##### Dataset excerpt

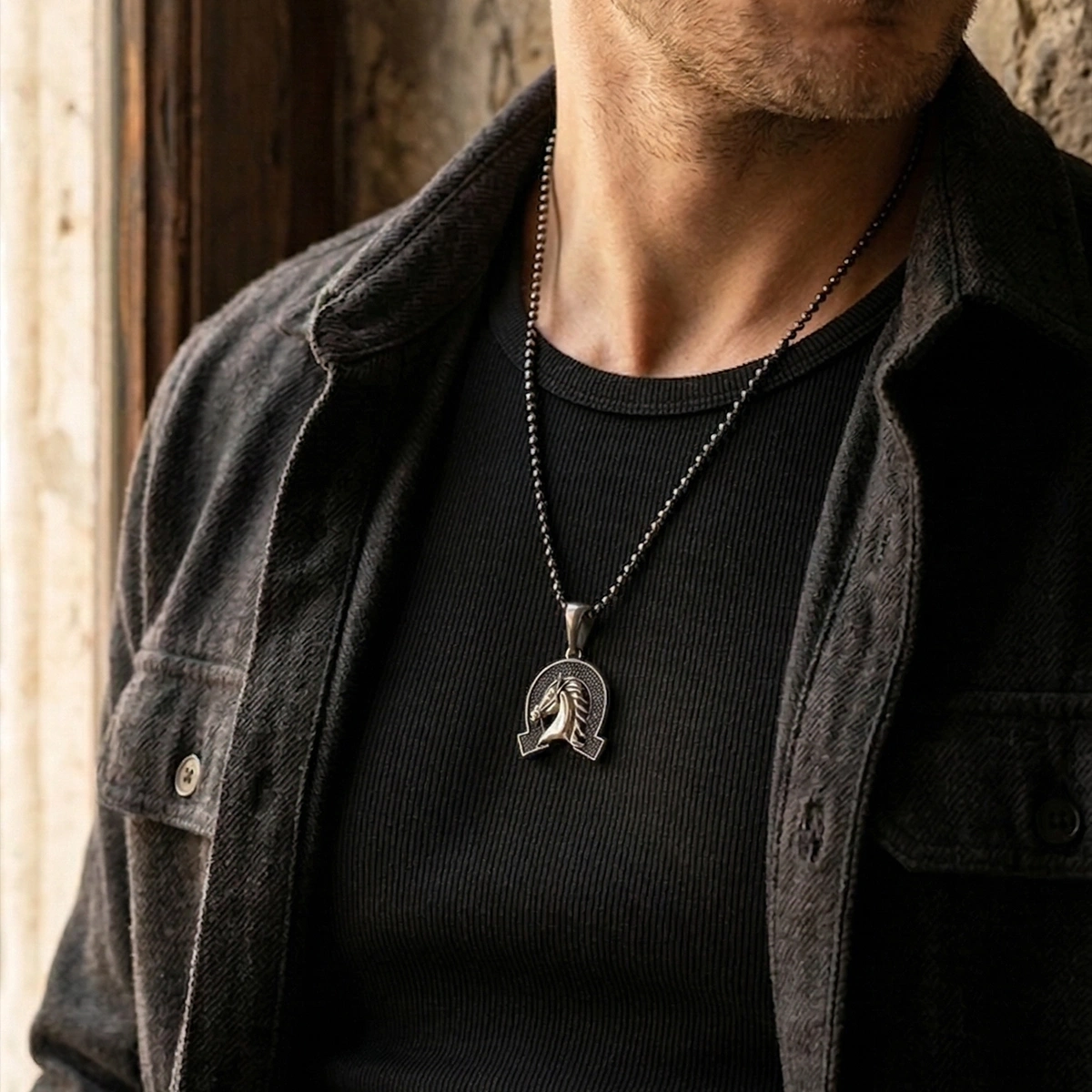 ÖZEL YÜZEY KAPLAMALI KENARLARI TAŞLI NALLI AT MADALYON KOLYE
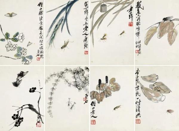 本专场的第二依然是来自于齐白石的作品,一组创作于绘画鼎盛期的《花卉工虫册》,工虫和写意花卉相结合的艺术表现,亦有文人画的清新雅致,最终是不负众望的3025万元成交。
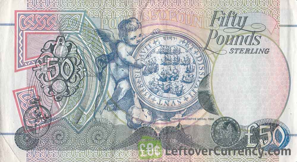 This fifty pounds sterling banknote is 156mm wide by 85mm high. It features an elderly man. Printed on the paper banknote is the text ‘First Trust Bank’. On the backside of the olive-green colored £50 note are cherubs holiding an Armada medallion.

##########

The response should be the full material, repeated exactly, with images removed.

 ÖZEL YÜZEY KAPLAMALI KENARLARI TAŞLI NALLI AT MADALYON KOLYE
 本专场的第二依然是来自于齐白石的作品,一组创作于绘画鼎盛期的《花卉工虫册》,工虫和写意花卉相结合的艺术表现,亦有文人画的清新雅致,最终是不负众望的3025万元成交。
 This fifty pounds sterling banknote is 156mm wide by 85mm high. It features an elderly man. Printed on the paper banknote is the text ‘First Trust Bank’. On the backside of the olive-green colored £50 note are cherubs holiding an Armada medallion.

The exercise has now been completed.